Так вот, о нашем «деле»… У меня пошла работа. Неплохо пошла. А тут твои телеграммы. Телеграммы барыни, которой нечего делать в этом мире, кроме как устраивать сцены. (Бедный Скотт Фитцджеральд! Помнишь, как Хэм описал его трагедию? Он первым написал о том, что сцены жены приводят мужа, который ее любит, к импотенции. Это старик написал здорово, ты это просмотри еще раз в «Празднике, который всегда с тобой».)

Словом, я пошел в бар — напиться. Знаешь, когда чувствуешь себя одиноким и обворованным, надо обязательно напиться, чтобы завтра продолжать работу. Тогда будет стыдно своей слабости: «Ну ладно, ну шлет гадкие телеграммы, а ты что же? Оказался слабее вздорной бабы? Черт с ней, пусть шлет свои телеграммы».

Лучше бы сменить, конечно, отель, чтобы не читать эту твою гадость. И вот в том баре я встретился с ней. Наверное, ты со своими вздыхателями говорила так же, как она со мной. Она тоже умна — вроде тебя, но на поверку оказалась такой же глупой, как и ты. И еще подлой. Хотя глупость страшнее подлости. Так вот, она говорила, и я говорил, я молчал, и она молчала, и пили мы на равных, и была она в отличие от потаскушек, с которыми я встречался после твоих сцен, — это была моя месть тебе, только месть, — была она чем-то похожа на тебя, но только она не ревновала меня и не посылала мне телеграммы. Теперь-то я понял: она просто не имела на это права. Знаешь, лучшая форма любви — это когда на нее не имеешь права. (Боже мой, как приятно сидеть в тюрьме и не думать о завтрашней съемке и о том, что надо договариваться с герром Сабо о прокате картины в Англии, и не надо выслушивать истерики продюсера о перерасходе денег, и не надо думать о том, что ты просила сменить дом на район Миттльзее — там сухо, а ты не переносишь сырости.)
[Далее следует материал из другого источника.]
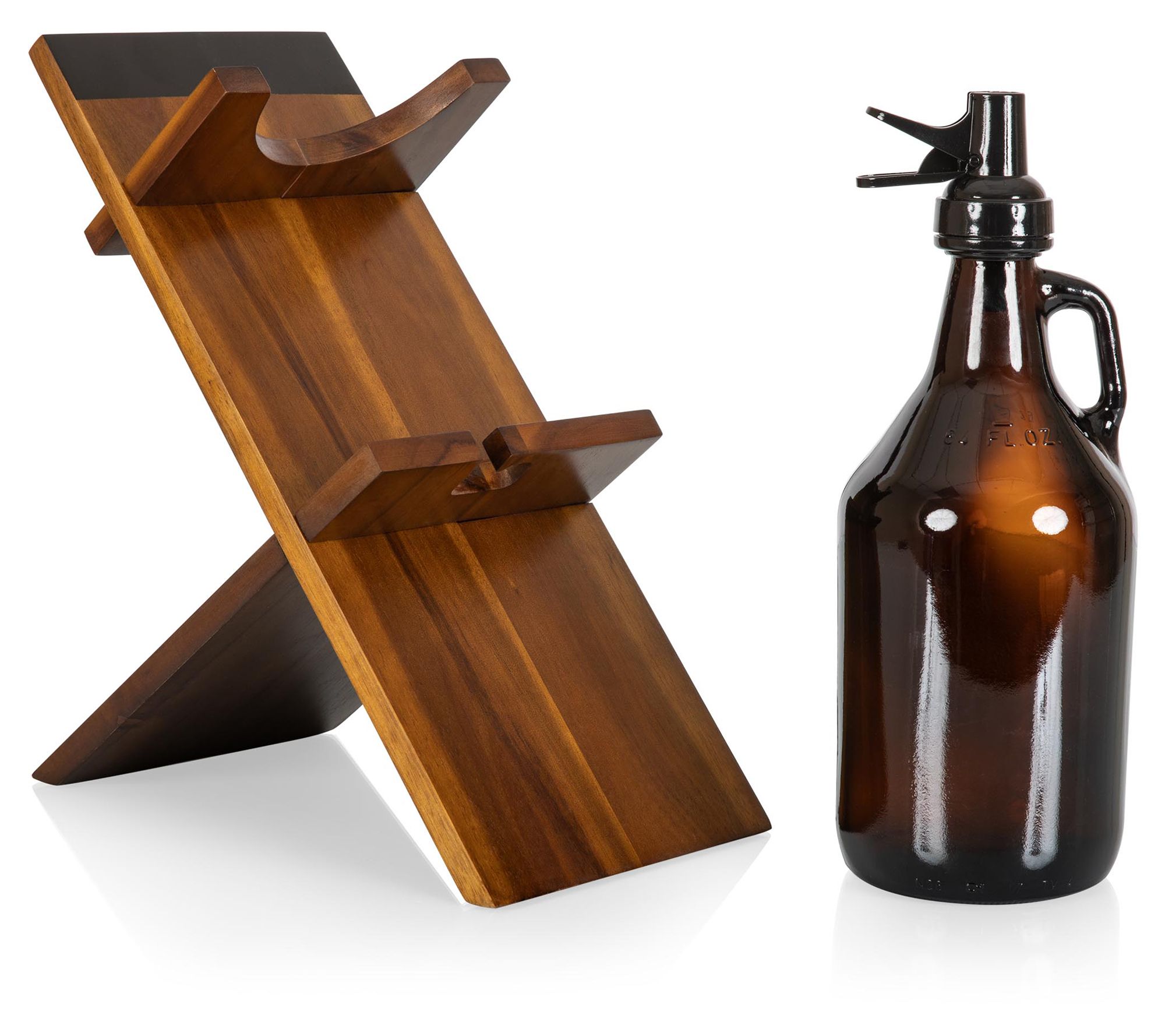 • Include 64-oz amber glass beer growler, growler tap, and wood base
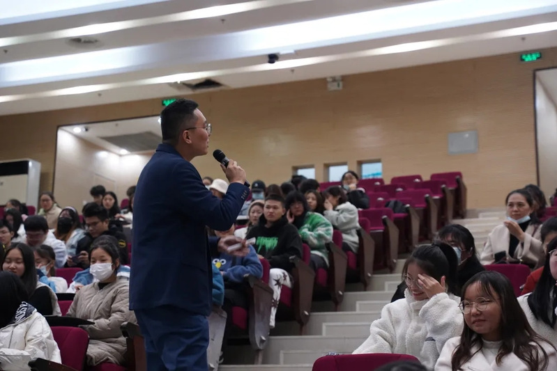 在最后的互动环节,刘嘉鹏老师分享了他参加海外图书博览会的经历,并对同学提出了期望:“做编辑不要求你在某一方面成为大专家,但你得学会成为一个杂家。要不断关注各个领域,并有一定的理解,最终运用到你的编辑出版工作中去。”
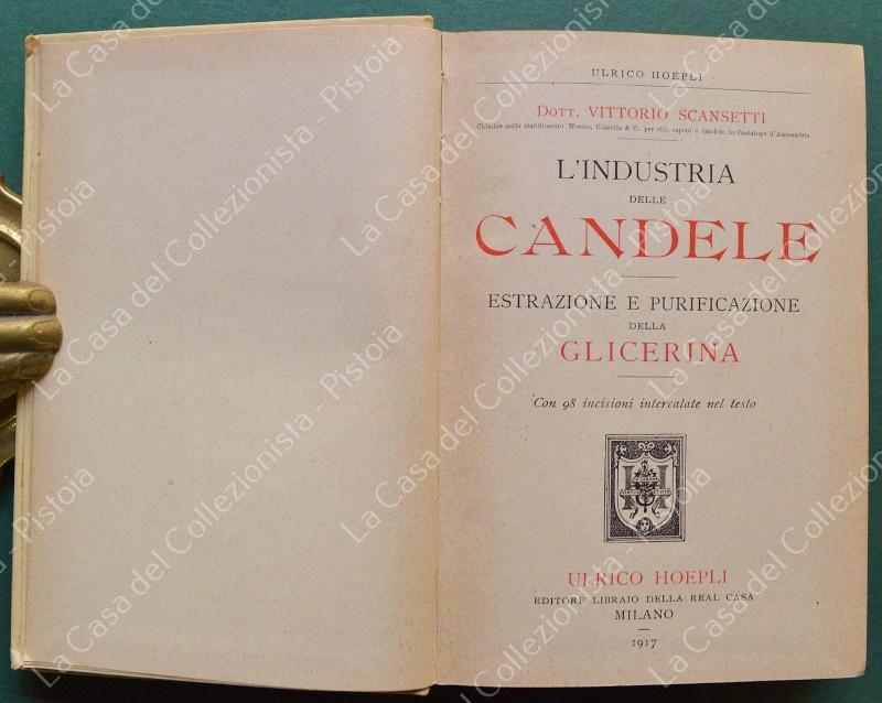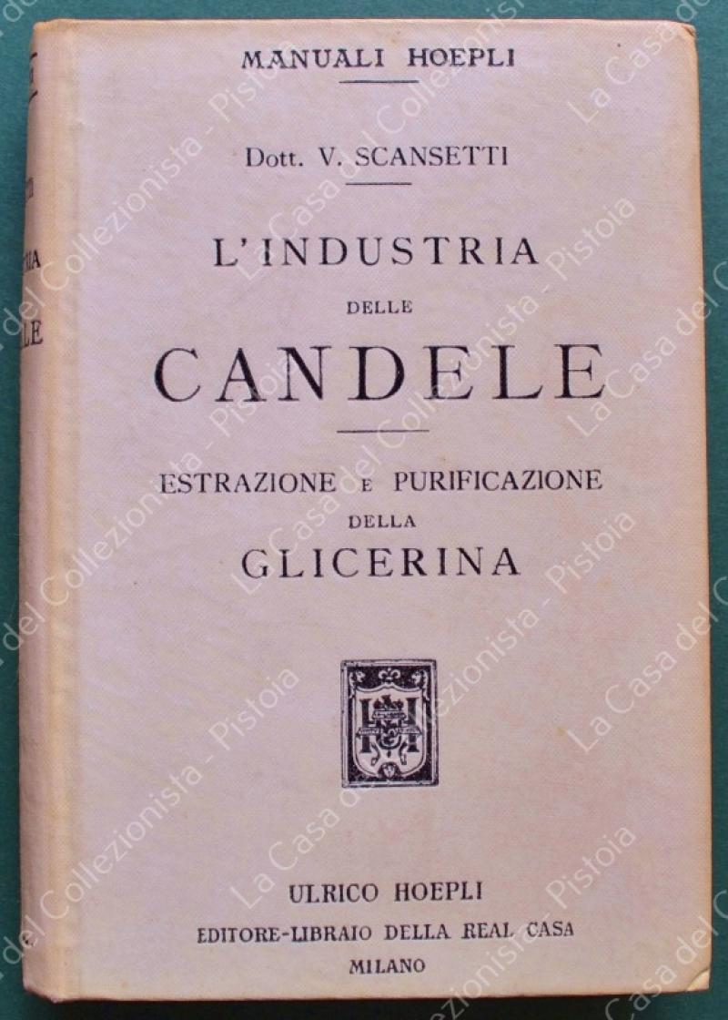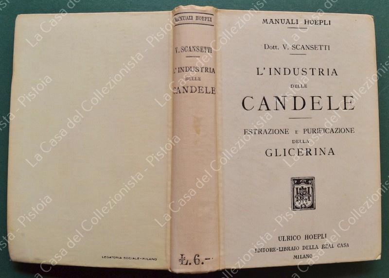 Manuale Hoepli. SCANSETTI VITTORIO. L'INDUSTRIA DELLE CANDELE. Estrazione e purificazione della glicerina. Milano, Hoepli, 1917. In 16°. tela editoriale illustrata, pagine XX + 401 con 98 incisioni nel testo. Ottima conservazione. (Rif.F8050)
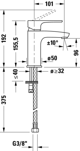 Duravit B.1 single-lever basin mixer S, FreshStart, Minusflow, projection 101mm, without drain set
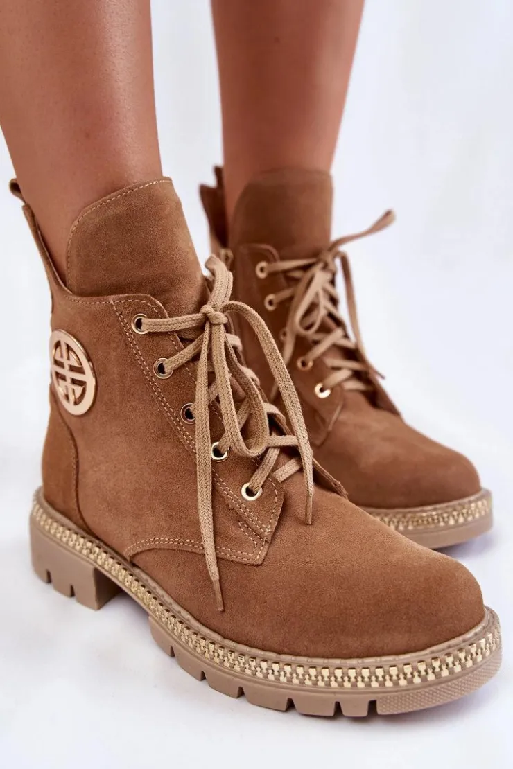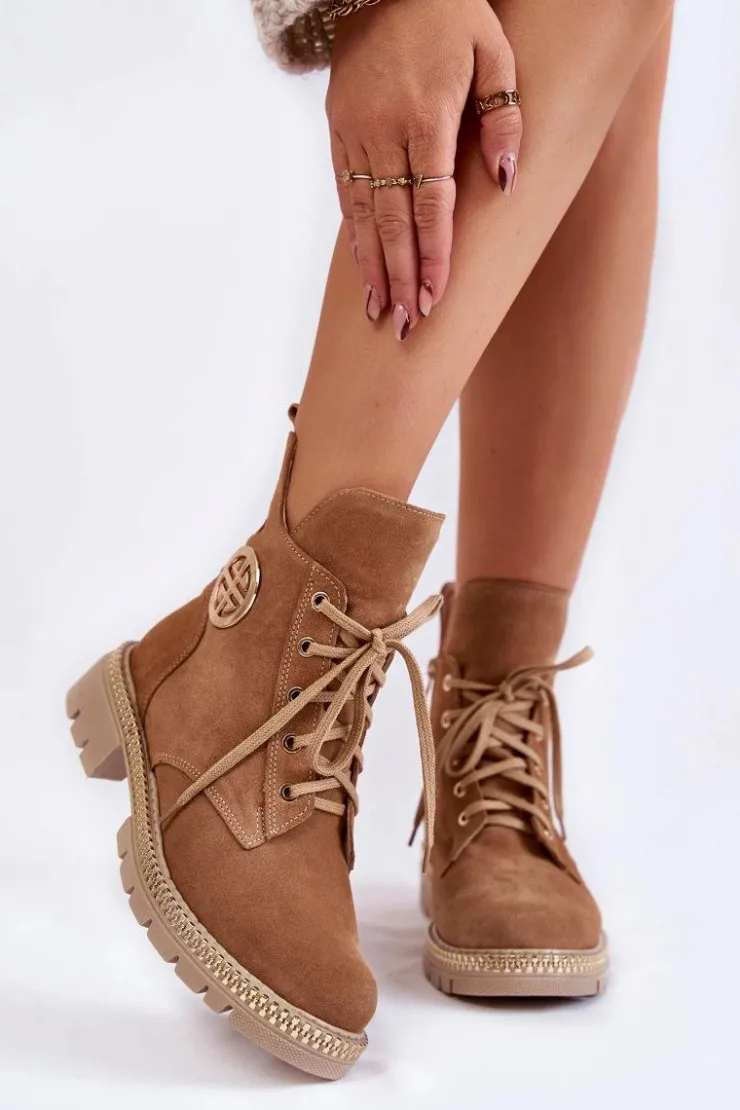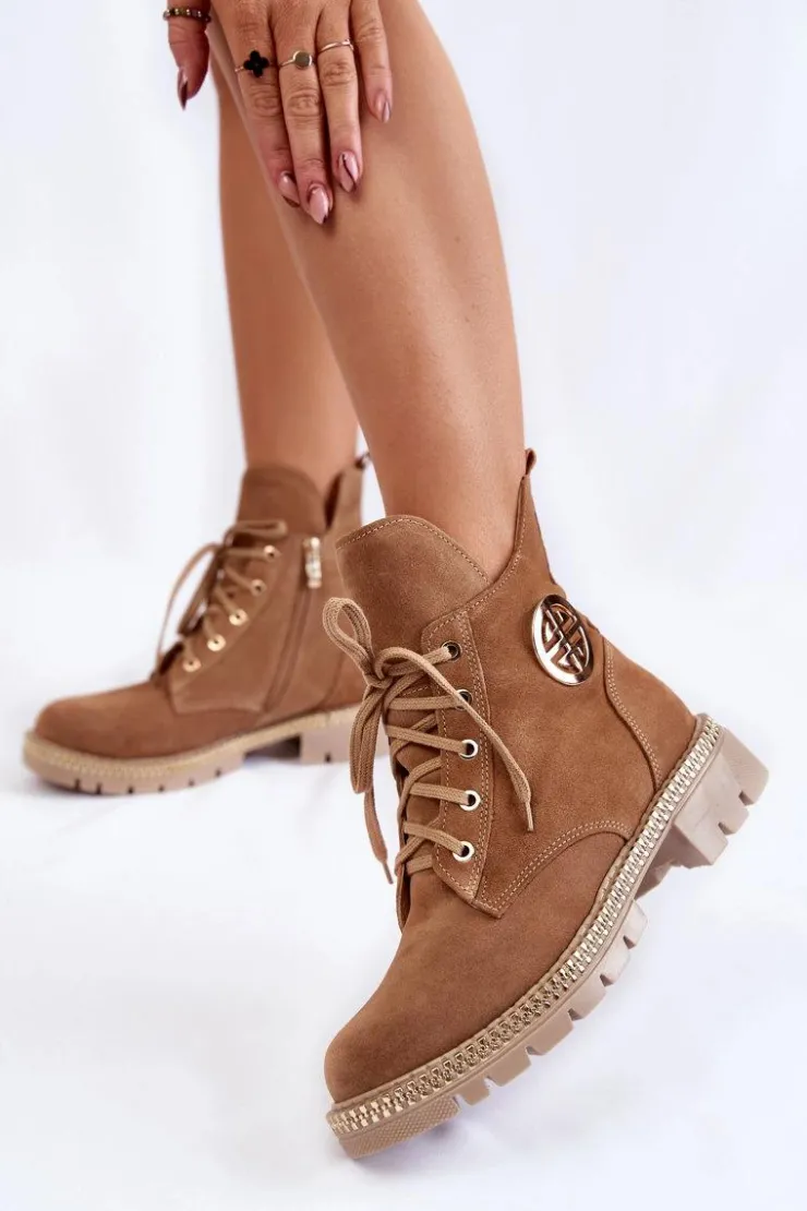 Modne botki damskie zostały wykonane z wysokiej jakości naturalnej skóry. Model ten jest sznurowany, a także zapinany na suwak. Botki posiadają ocieplenie w postaci koca obuwniczego oraz usztywniany zapiętek. Osadzone na płaskim obcasie i platformie ze żłobieniami. Dodatkowo podeszwa została ozdobiona imitacją suwaka i jest antypoślizgowa.Przy wyborze rozmiaru prosimy sugerować się tabelą rozmiarów.

Закон… Что такое закон? Это когда человек знает, что, преступив его, в любой сфере деятельности (деятельности, повторяю я, а не разговора, помысла, бравады, игры), он делается правонарушителем и его карают в меру строгости, которая предписана той или иной статьей кодекса. Помнишь, как-то ты сказала мне «скотина»? (Хотя это было так часто, что ты могла забыть.) «Скотина» — это оскорбление словом. За это ты могла быть оштрафована, и тебе пришлось бы попросить у меня денег, чтобы уплатить в казну государства штраф за нарушение закона. Ты пригласила бы адвоката, и тот стал бы доказывать, что я был тебе неверен, а поэтому ты и назвала меня скотиной. Но мой адвокат доказал бы, что я не изменял тебе, а даже если бы и был уличен тобой в измене, ты могла бы — в соответствии с буквой закона — развестись со мной. Развестись — это по закону, лишь оскорбление беззаконно. Ты не хотела развода. Ладно. Тогда возникает вопрос о гарантиях. Где гарантия, что ты снова не будешь ревновать меня попусту и устраивать сцены? Я лгал себе все время — не было таких гарантий. Ты мстила мне за что-то такое, чего в тебе не было, но было во мне. (Чего же в тебе не было, а было во мне? Ну конечно же во мне не было породы, я был суетлив, блудлив, нечестен, болтлив… А что? Все верно. Я не спорю.) Значит, нас с тобой связывало помимо детей то, что называют в порядочных книгах о любви ночью? Значит, прелесть моя (ура, я в тюрьме, и ты со мной не поспоришь!), скотство, одно лишь скотство! Все! На сегодня хватит. Ложусь спать.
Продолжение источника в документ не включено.